** Supplied material follows **

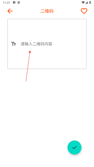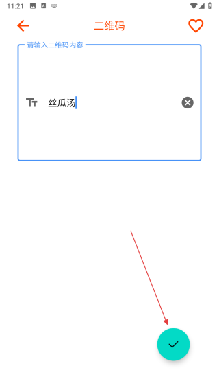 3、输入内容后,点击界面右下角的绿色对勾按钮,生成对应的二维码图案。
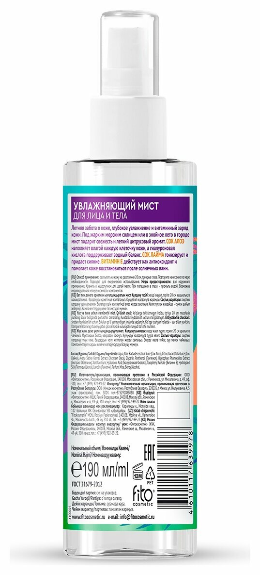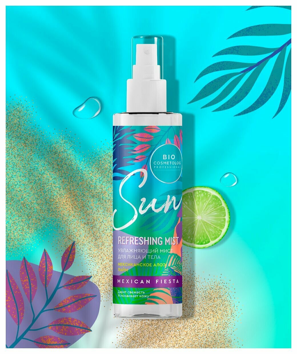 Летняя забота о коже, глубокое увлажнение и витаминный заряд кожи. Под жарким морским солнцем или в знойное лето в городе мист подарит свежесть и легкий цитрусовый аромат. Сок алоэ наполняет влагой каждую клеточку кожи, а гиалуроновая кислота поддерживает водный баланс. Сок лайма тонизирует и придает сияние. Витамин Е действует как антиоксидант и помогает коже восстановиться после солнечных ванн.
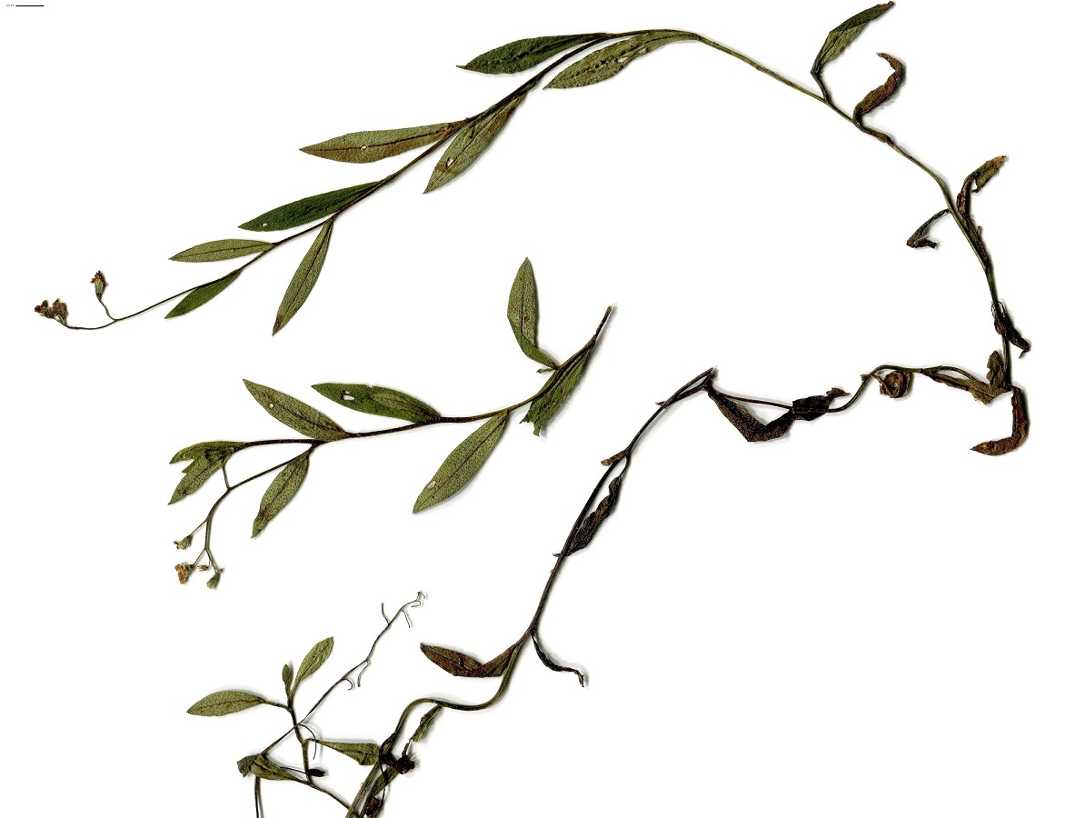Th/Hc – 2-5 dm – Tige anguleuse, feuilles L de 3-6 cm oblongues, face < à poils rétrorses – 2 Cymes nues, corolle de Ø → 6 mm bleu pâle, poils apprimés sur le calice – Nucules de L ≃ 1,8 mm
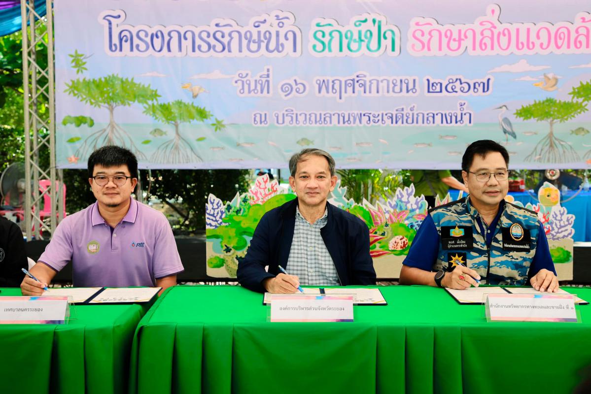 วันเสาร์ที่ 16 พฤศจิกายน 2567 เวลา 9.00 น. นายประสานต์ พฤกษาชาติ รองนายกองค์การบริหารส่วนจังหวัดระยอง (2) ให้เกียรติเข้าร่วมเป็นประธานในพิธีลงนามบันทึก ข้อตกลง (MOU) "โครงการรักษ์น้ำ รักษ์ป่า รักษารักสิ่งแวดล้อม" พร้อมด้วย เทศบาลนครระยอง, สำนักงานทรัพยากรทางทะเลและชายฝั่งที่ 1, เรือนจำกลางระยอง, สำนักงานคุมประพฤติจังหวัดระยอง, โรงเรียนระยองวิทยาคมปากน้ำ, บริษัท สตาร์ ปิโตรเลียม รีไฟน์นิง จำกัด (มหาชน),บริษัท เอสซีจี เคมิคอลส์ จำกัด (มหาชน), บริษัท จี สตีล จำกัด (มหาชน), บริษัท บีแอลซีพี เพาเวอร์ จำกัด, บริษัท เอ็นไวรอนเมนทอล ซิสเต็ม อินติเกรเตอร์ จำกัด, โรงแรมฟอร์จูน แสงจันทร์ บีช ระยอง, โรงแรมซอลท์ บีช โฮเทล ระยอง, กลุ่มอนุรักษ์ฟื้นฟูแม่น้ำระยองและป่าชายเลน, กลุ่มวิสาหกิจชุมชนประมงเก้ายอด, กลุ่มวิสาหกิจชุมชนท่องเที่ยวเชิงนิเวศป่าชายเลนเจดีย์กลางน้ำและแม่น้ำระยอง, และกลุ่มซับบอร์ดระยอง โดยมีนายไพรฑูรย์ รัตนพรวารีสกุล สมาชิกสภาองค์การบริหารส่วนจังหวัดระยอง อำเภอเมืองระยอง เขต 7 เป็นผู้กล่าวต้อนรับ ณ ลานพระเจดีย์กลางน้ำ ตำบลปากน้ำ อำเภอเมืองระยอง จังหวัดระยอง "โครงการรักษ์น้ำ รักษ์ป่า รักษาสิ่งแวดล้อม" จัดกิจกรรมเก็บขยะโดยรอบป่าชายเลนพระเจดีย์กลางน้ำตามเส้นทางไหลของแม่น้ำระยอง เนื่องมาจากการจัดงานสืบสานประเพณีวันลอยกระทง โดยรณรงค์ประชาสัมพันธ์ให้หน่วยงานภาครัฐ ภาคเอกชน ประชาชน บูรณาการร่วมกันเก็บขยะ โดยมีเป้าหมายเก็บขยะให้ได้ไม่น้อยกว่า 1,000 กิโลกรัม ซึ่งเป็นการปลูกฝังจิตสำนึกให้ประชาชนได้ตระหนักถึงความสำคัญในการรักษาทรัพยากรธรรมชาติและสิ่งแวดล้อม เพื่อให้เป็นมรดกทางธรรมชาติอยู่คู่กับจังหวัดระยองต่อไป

** End of Supplied material **
** Supplied material follows **

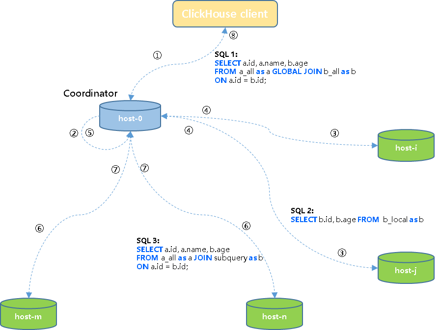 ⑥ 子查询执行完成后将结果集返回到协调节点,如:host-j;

** End of Supplied material **

What you should do — In the listing above, find the line with "Летняя забота о" and the line with "Th/Hc – 2-5". Copy exactly those two and every line between, without the pictures.

Solution to the exercise —
 Летняя забота о коже, глубокое увлажнение и витаминный заряд кожи. Под жарким морским солнцем или в знойное лето в городе мист подарит свежесть и легкий цитрусовый аромат. Сок алоэ наполняет влагой каждую клеточку кожи, а гиалуроновая кислота поддерживает водный баланс. Сок лайма тонизирует и придает сияние. Витамин Е действует как антиоксидант и помогает коже восстановиться после солнечных ванн.
Th/Hc – 2-5 dm – Tige anguleuse, feuilles L de 3-6 cm oblongues, face < à poils rétrorses – 2 Cymes nues, corolle de Ø → 6 mm bleu pâle, poils apprimés sur le calice – Nucules de L ≃ 1,8 mm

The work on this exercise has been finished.